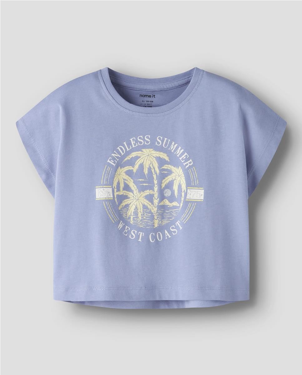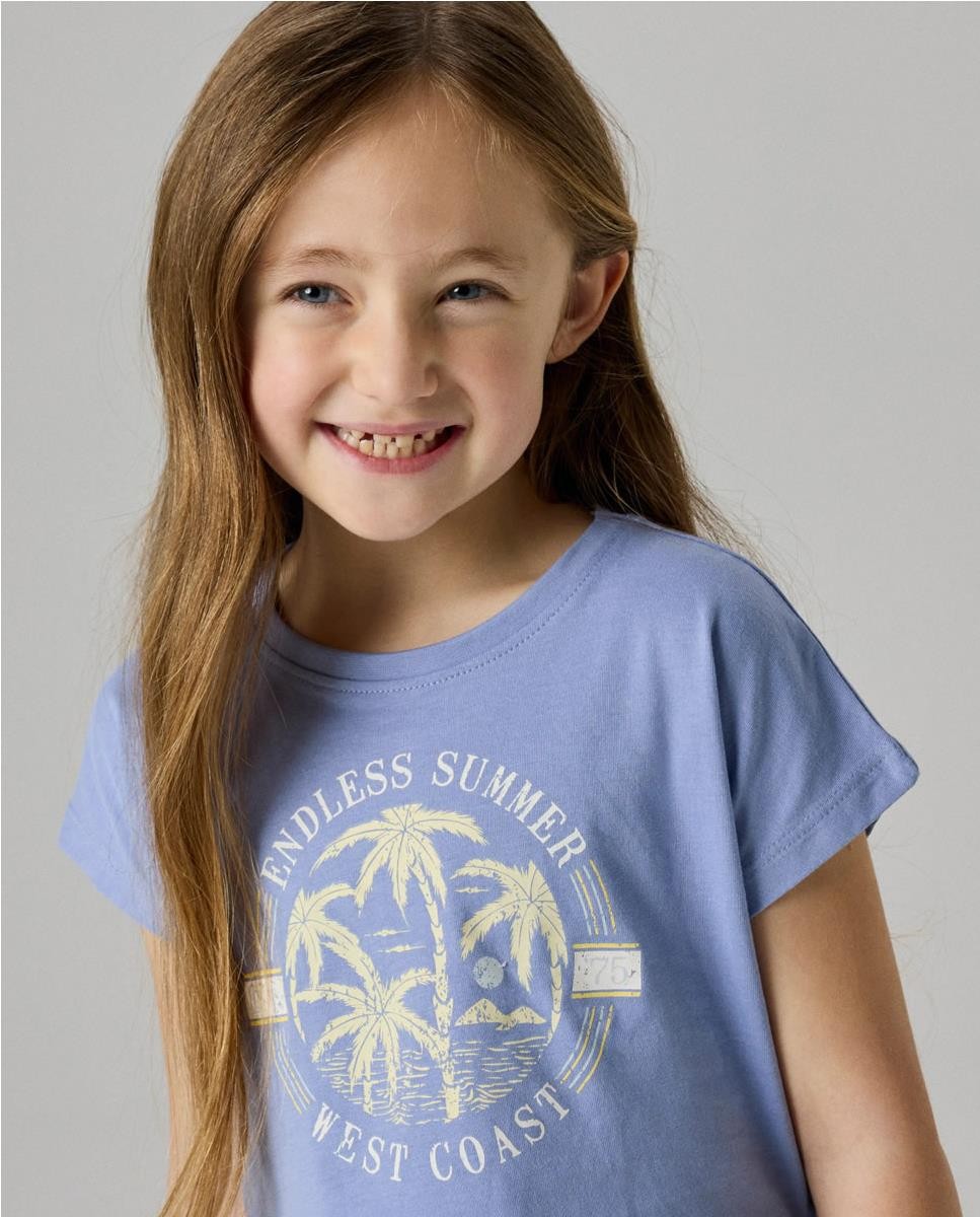 Camiseta corta con mangas japonesas. Estampación hawaiana.
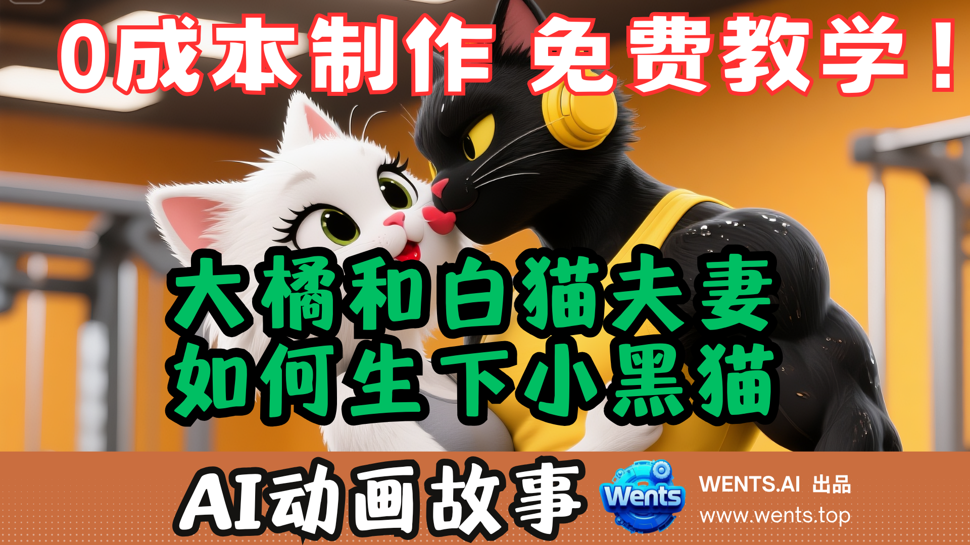 大橘和白猫夫妻如何生下小黑猫–AI动画短剧,0成本原创免费教学,能把任何想法转换成你想生成的视频。不买课程,不冲会员,不换电脑,只要你的关注和点赞。我们的口号就是0成本制作AI视频,一分钱不花带你制作原创作品。
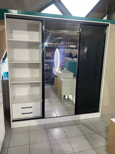С зеркаломШкаф-купе с раздвижными дверями. Модель оснащена одной зеркальной дверью и одной непрозрачной дверью, обеспечивающими функциональность и эстетику. Внутреннее наполнение включает полки и выдвижные ящики для удобного хранения одежды и других предметов. Верхняя антресоль предоставляет дополнительное место для хранения. Идеально подходит для организации пространства в спальне или прихожей. Данные модели изготавливаем на заказ, сроки изготовления 7-8 дней, есть возможность оформить рассрочку через Мбанк м+ рассрочку.
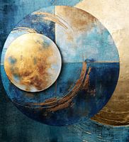 Abstract schilderij met ronde vormen en een grove metaal structuur in voornamelijk blauw en goud tinten.
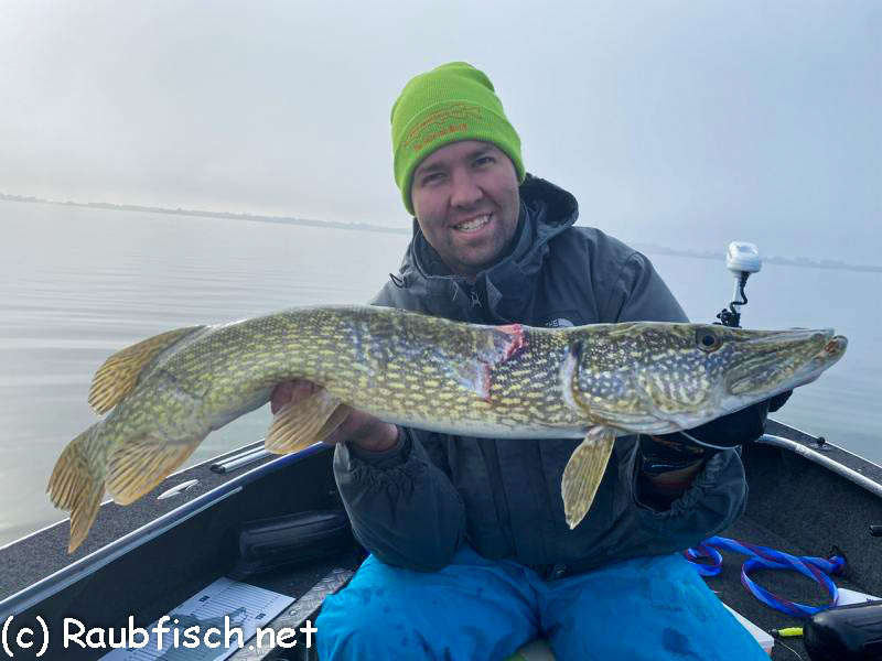 Nachdem Daniel und ich die Position ein wenig verändert hatten (durch den Nebel hatten wir den Platz, vielmehr die Orientierung des Bootes nicht optimal getroffen), gab es auch bei uns wieder Aktion. Und was für einen tollen 113cm Hecht hatte Daniel da gefangen!
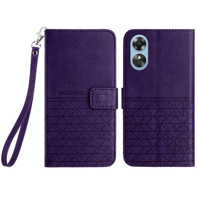 For OPPO A17 Rhombic Texture Leather Phone Case with Lanyard(Purple)

_ _ _ _ _ _ _

__Assigned task__
Your reply should consist solely of the lines above, from the opening line through the line with "大橘和白猫夫妻如何生下小黑猫", reproduced exactly and without pictures.

__Answer area__
 Camiseta corta con mangas japonesas. Estampación hawaiana.
 大橘和白猫夫妻如何生下小黑猫–AI动画短剧,0成本原创免费教学,能把任何想法转换成你想生成的视频。不买课程,不冲会员,不换电脑,只要你的关注和点赞。我们的口号就是0成本制作AI视频,一分钱不花带你制作原创作品。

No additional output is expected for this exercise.